2. The memorandum of association of the Lending Company allows for such transactions i.e. the providing of loans/guarantees/security to other entities should be part of at least the incidental or ancillary objects of the memorandum of association.The Courts have not been uniform in their ruling with respect to the significance of the objects clause of the memorandum of association in making this assessment. The Courts also differ on whether an activity is in ‘ordinary course’ only if is part of the main objects or whether an activity ancillary to the main objects may also be considered so
  • The Lending Company has passed a board resolution, specifically, categorizing the transaction as being in ‘ordinary course of businesses. Also, the board should have examined the transaction from the perspective of Section 185 and should have resolved to undertake the same.

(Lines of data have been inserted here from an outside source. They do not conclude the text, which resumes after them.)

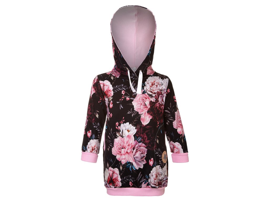 - Díky kapuci a kapsám působí ležérně, motiv květů dodá šatům šmrnc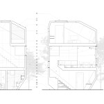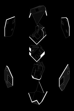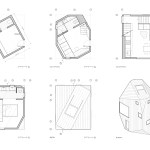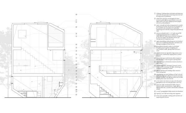 Heptagon House uses an opportunistic approach to underutilized spaces in order to fit a 2-bedroom, 2-bathroom guest house onto the tiny footprint. Spaces yielded above canted planes are used strategically by millwork and a shower bench in the bath, an elevated bed/lounge with storage in the bedroom/study, and a stair to the second floor that ascends the canted plane on an oblique.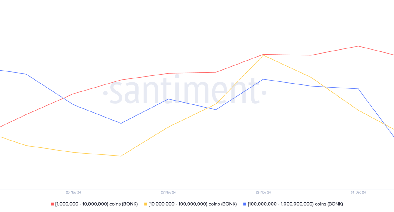 Bonk holders with between 1 million and 10 million coins have offloaded 500 million tokens since December. Similarly, wallets holding between 10 million and 100 million coins now hold 1.44 trillion tokens, while those with between 100 million and 1 trillion coins have also reduced their holdings to 1.44 trillion.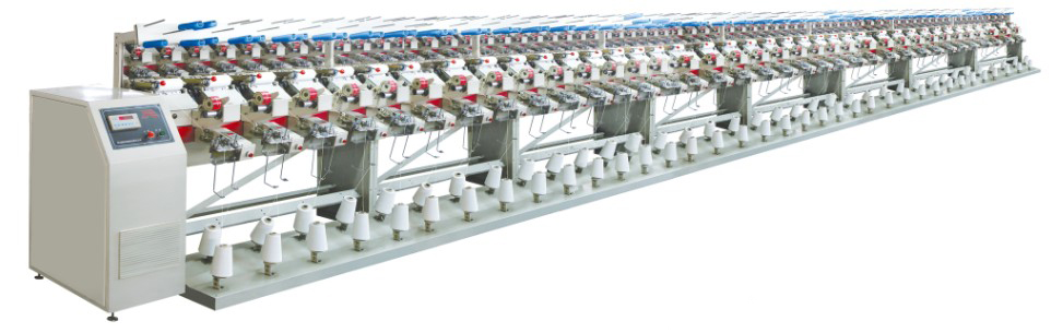 倍捻機的前道設備,把不同的規格的原料筒子并合成可在倍捻機上加工的平行 筒子,并合提供氨綸絲與其他紗線的并合功能。【 產品特點 】>>可對各種短纖維,長纖維的單紗進行并合加工>>采用了單錠電機驅動和變頻調速,使卷繞線速的調節更簡便,工藝 調節更靈活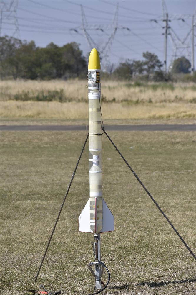 As we've decommissioned the Polaron G2 rocket, this week we decided to convert one of the full Polaron G2 boosters into a smaller version of the rocket. The G3 rocket consists of only two reinforced spliced quads with the original nosecone and fins. It also fits under the 1.5Kg limit we have at Whalan Reserve. We decided to use the 16mm nozzle with launch tube, though we did have to cut 5 cm off the end of the launch tube to fit in this rocket.
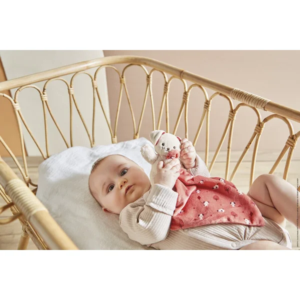 Ce doudou est fabriqué à partir de matériaux extrêmement doux, agréables au toucher et respectueux de la peau délicate des bébés. Le chien tient dans ses pattes une petite couverture carrée, idéale pour être saisie par de petites mains, câlinée ou mâchouillée. Un élément de design marquant est ses longues oreilles pendantes et la broderie bleue sur sa patte, qui est une caractéristique typique de la collection. Le produit est écologiquement responsable, fabriqué à partir de 100 % de polyester recyclé.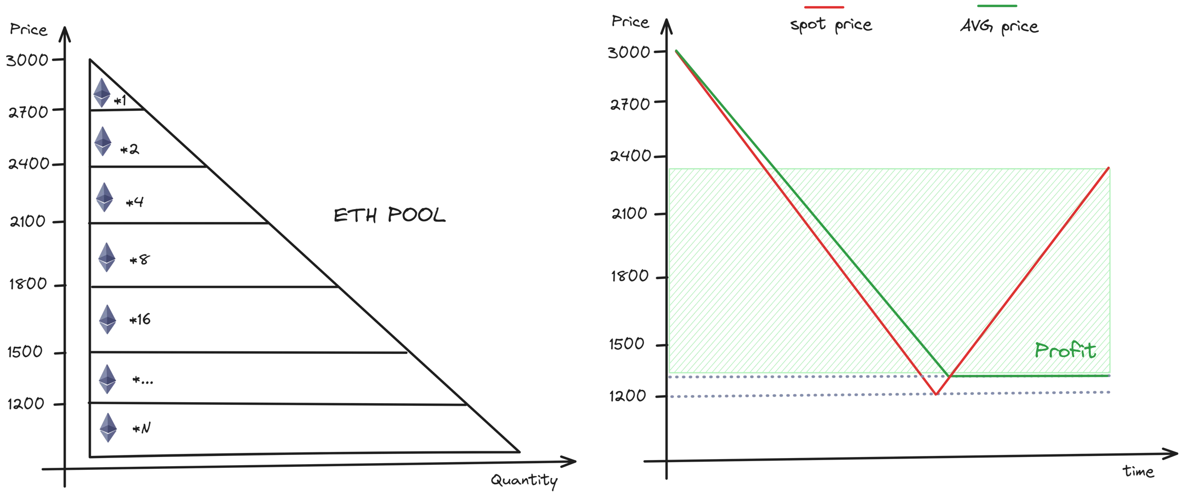 Doubler 将马丁策略用于加密投资中,并通过”集资“的方式解决资金问题,每当标的物下跌一定程度时就注入更多抄底资金,实现均价的快速下降。在最新版的 Doubler Lite 中,不限制具体的抄底点位,而是通过激励机制由市场自行调整购入价格。

The consent of all the directors present at the meeting should have been obtained in accordance with Section 186 (5) of the Act.Whether a transaction is in the ‘ordinary course of business’ is a question of fact and a board resolution is important in making this assessment
3. The loan documents/security documents executed for the purpose of the loan/security/guarantee provided by the Lending Company should contain a clause stating that the transaction contemplated therein is in ‘ordinary course of business’.
4. The transaction should be conducted at arms’ length basis and appropriate disclosures should be made with respect to the interest of any management of the Lending Company in the entity receiving the loan, guarantee or security.Ultimately the aim of Section 185 is to prohibit related party transactions where the Lending Company provides undue advantage or gain to any other entity related to the management of the Lending Company and to avoid conflict of interest scenarios for directors of such Lending Company.
5. The Lending Company (not if it is a banking company or an insurance company or a housing finance company providing the loan/security/guarantee in ordinary course of business or company engaged in business of financing of companies or of providing infrastructural facilities should have complied/should comply with conditions under Section 186 of the Act.